Sort Cooking Oil

When you go to the supermarket or store, it's frequently seen rows of noncholesterol cooking oil. Actually, all the cooking oils must be noncholesterol because they're made from vegetables.

Generally, cooking oil is made from palms, such as coconut, oil, and betel, and vegetables, such as corn, soybean, sunflower, and canola.

Of the composition, cooking oil consists of three types: saturated, such as palm; monounsaturated, such as olive and peanut; and polyunsaturated, such as corn, sunflower, soybean, and sesame.

Which one do you have to choose? All cooking oils are basically good as long as it's used in an appropriate amount to the needs.

Eating coconut oil in a daily menu and reasonable amounts as needed can maintain a healthy heart and blood vessels. Another advantage of coconut oil is an antimicrobial nature able to kill the virus that causes HIV, SARS, hepatitis C, herpes, and influenza.

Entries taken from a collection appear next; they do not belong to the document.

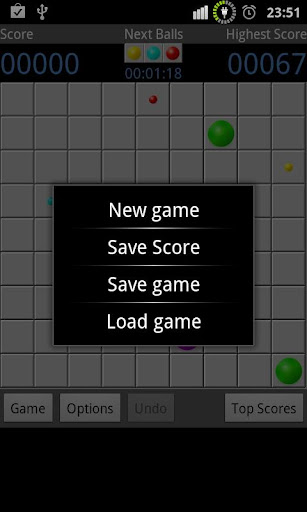 Lines 98 is a game play on 9×9 board with balls of seven different colors. The player can move one ball per turn to remove balls by forming lines (horizontal, vertical or diagonal) of at least five balls of the same color. If the player does form such lines of at least five balls of the same color, the balls in those lines disappear, and he gains one turn, i.e. he can move another ball. If not, three new balls are added, and the game continues until the board is full.
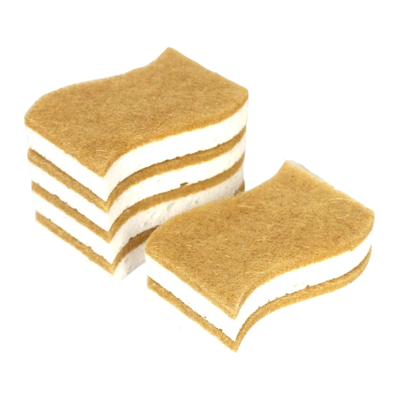 natural sisal, wood pulp, and microfibre allows for effective removal of grease and dried dirt. The natural cleaning layer is sturdy yet gentle on common surfaces. The pack contains
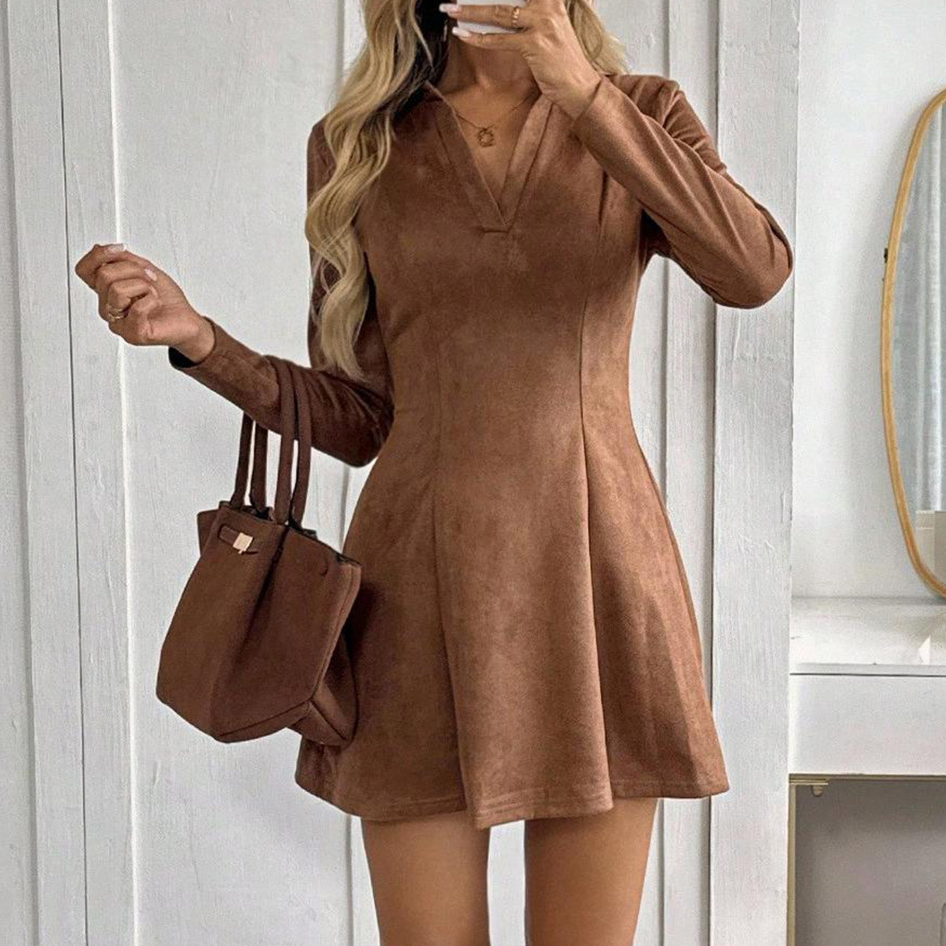 This elegant dress features sophisticated stand collar with graceful V-neck styling and structured pleated construction for timeless sophistication. Perfect for daily wear.
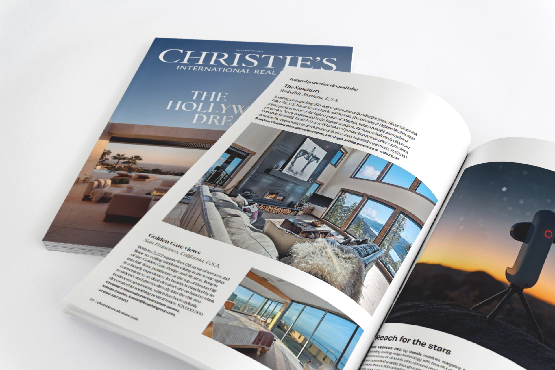 Released biannually, Christie’s International Real Estate Magazine offers a global perspective on extraordinary homes, design trends, and lifestyle experiences, reaching over half a million readers. The Fall/Winter 2025 edition highlights properties from around the world, from Singaporean penthouses with lush vertical gardens to secluded island retreats in Madagascar—alongside PureWest listings that showcase Montana’s rugged beauty and refined luxury.
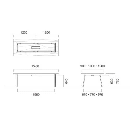 解放感と安定感のある八の字脚デザインのビッグテーブル。天板は耐水・耐熱性に優れた高圧メラミンで傷が付きにくい。脚端にはレベル調整用のアジャスター付き。指紋などの汚れが目立ちにくい抗菌メラミン化粧板。 |
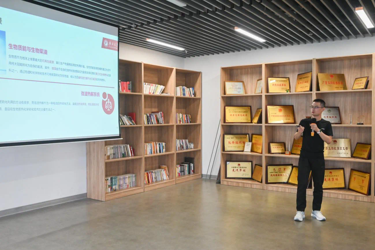 會(huì)議開(kāi)始,李道洋副書(shū)記向來(lái)自各個(gè)高校的研究生表示歡迎,并表示,“雙碳”戰(zhàn)略對(duì)于預(yù)防世界氣候風(fēng)險(xiǎn)、維護(hù)我國(guó)氣候安全和引領(lǐng)世界綠色經(jīng)濟(jì)的復(fù)蘇有重大影響,目前,我國(guó)將“雙碳”戰(zhàn)略納入社會(huì)主義現(xiàn)代化強(qiáng)國(guó)生態(tài)文明建設(shè)的整體布局,在發(fā)展和減排中尋找平衡點(diǎn),走習(xí)近平總書(shū)記提出的高質(zhì)量發(fā)展之路,也為培育符合時(shí)代需求的復(fù)合型人才提出了新要求。因此,希望駐邕各高校相關(guān)前沿學(xué)科的同學(xué)們開(kāi)展學(xué)術(shù)交流,匯報(bào)各自方向的研究成果,為與會(huì)同學(xué)未來(lái)的學(xué)術(shù)研究和工作實(shí)踐提供新的思路和啟示,為“雙碳”戰(zhàn)略貢獻(xiàn)智慧。
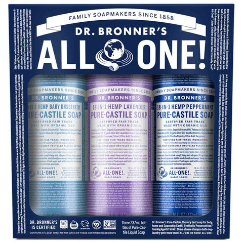 Your all-time favourite scents are ready for gift giving. The Cosmic Classics multi-pack includes 3 x 237ml bottles of Dr Bronner's Liquid Soap. One each of Lavender, Baby Unscented and Peppermint.
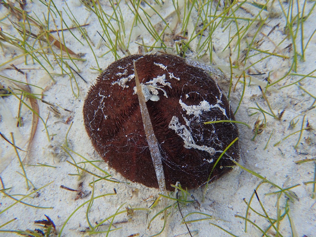 Closely related to sea urchins and sand dollars, sea stars are only found in salt water and can regenerate lost limbs. Here’s a sea urchin shell.
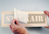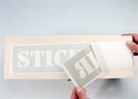Enlevez le papier siliconé protégeant la partie autocollante au dos du pochoir (papier opaque).
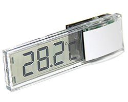 透明温度計ユニット、動作電源: ボタン電池AG10/LR1130(x1)※電池付属なし、温度範囲:-10℃〜+70℃、精度:±0.5℃、解析率:0.1s℃、外形寸法:70 x 20 x10 mm、表記価格:1
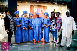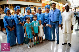 The Alaafin of Oyo, Oba Lamidi Olayiwola Adeyemi and his four wives were the cynosure of all eyes as they stormed the Westfield Mall in London recently. Garbed in Royal blue laces, the pretty wives and their husband took pictures with shoppers/passersby as they walked through the mall. Recall that he treated his wives and friends to a lavish 76th birthday ceremony in the UK few days ago.
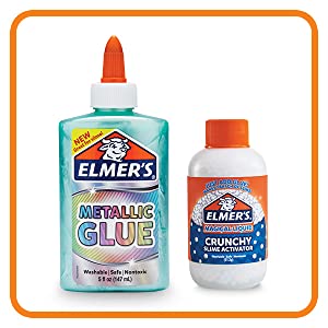 В комплект входит по 1 бутылке: металлический клей (бирюзовый, 141 гр), светящийся в темноте клей (зеленый, 141 гр), клей для изменения цвета (желто-красный, 141 гр), полупрозрачный клей (розовый, 141 гр), клей с блестками (серебро, 170 гр), металлический активатор слаймов (65 г), светящийся в темноте активатор слаймов(65 г), активатор хрустящих слаймов (51,2 г) и 2 бутылочки конфетти-активатора слаймов (65 г каждая). Клей с оранжевой крышкой.
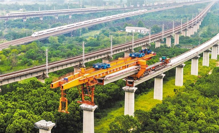 9月6日,安徽省合肥市新建上海至南京至合肥高速铁路沪宁段站前Ⅱ标施工现场,技术人员在进行预制箱梁架设作业。
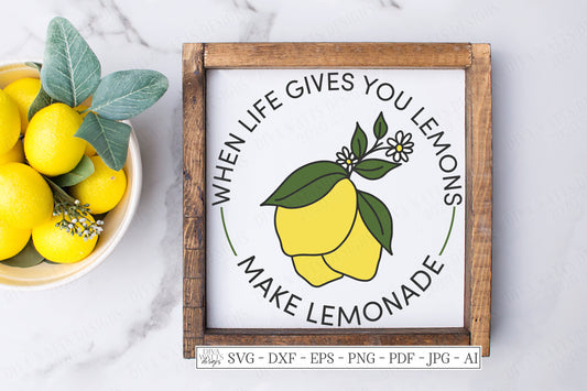 SVG | When Life Gives You Lemons Make Lemonade | Cutting File | Summer Spring Round Circle Farmhouse Sign | Vinyl Stencil HTV DXF | Kitchen
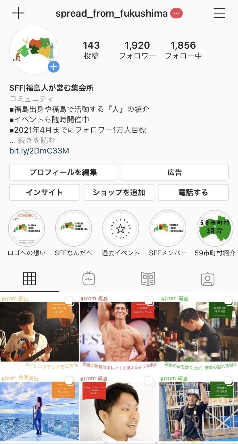 今年5月から立ち上がったSFFは、『福島県を一つに繋ぎ、全国・世界に発信する福島限定のプラットフォーム』です。現在、福島県民・出身者をInstagramを中心としたSNSで140名近く紹介させていただき、SNSを通じて繋がりを作っています。
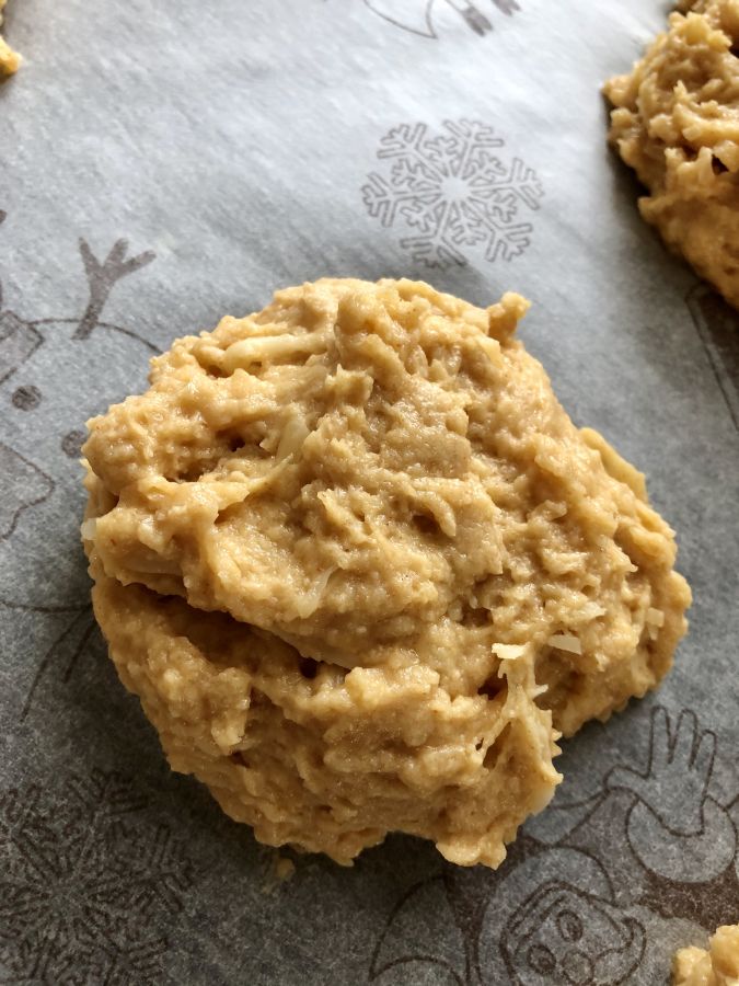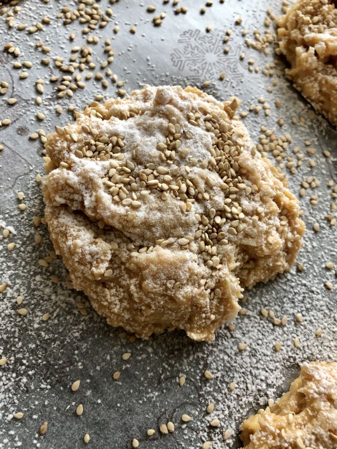 - Mit einem Löffel 6-7 Teighäufchen auf Backpapier setzen, etwas platt drücken (nur wenig siehe Fotos) - mit Bambusfaser bestäuben, Sesam draufgeben und bei 190 Grad Umluft ca. 60 Minuten backen! Auf Gitter auskühlen lassen.
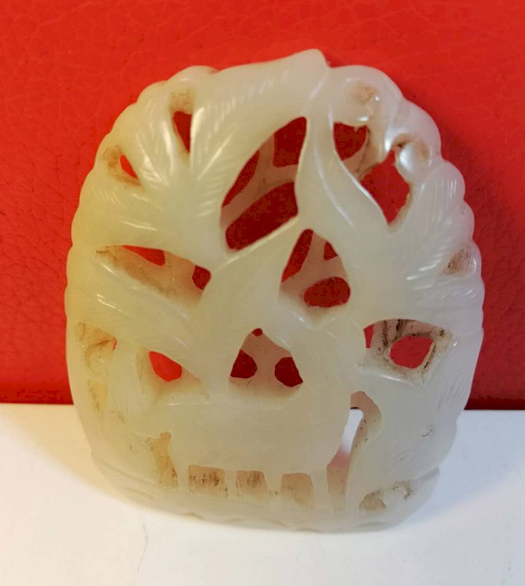 此器為雙層鏤空雕:一回首芝角鹿安逸在山林中貢食,山林枝葉茂盛而寧靜。   雕工:清新簡潔而樸雅,芝首鹿回首覓食,頗為神似,此為靜中寓動的典型作品,亦為遼金玉雕中感到清靜的特色之一,這尤勝過份炫耀的繁縟工藝,為現世清靜難得一見的珍罕之品!
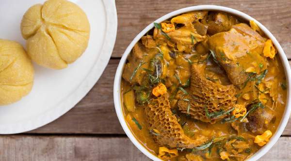 A tasty portion of Ofe Nsala served with goatmeat and swallow of choice
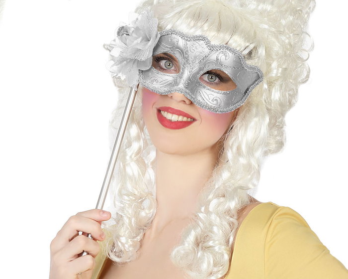 Masque vénitien élégant avec tige, fleur décorative et reliefs argentés
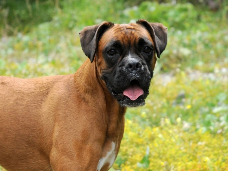 Boxers are medium-to-large German dogs whose physique hides a friendly nature. Easy to train, calm, and intelligent, they are energetic and devoted, good with kids and other dogs. Allboxerinfo.com notes they are strong hunters with powerful jaws. Their broad muzzle and open nostrils aid breathing while holding prey. Without training, they may aggressively chase small animals.

Unsaturated fatty acid cooking oil has omega-3, 6, and 9 which can lower cholesterol in the blood, thus preventing blockage of vessels and degenerative diseases. However, this oil has a flaw, not good for frying at high temperatures. It's better just to use for sauteing.

Due to the high temperature, the unsaturated fatty acid is easily oxidized and causes free radical not good for health. The high temperatures also damage the fatty acid, so you consume slightly.

The use of high unsaturated fatty acids should be coupled with vitamin E, the antioxidants.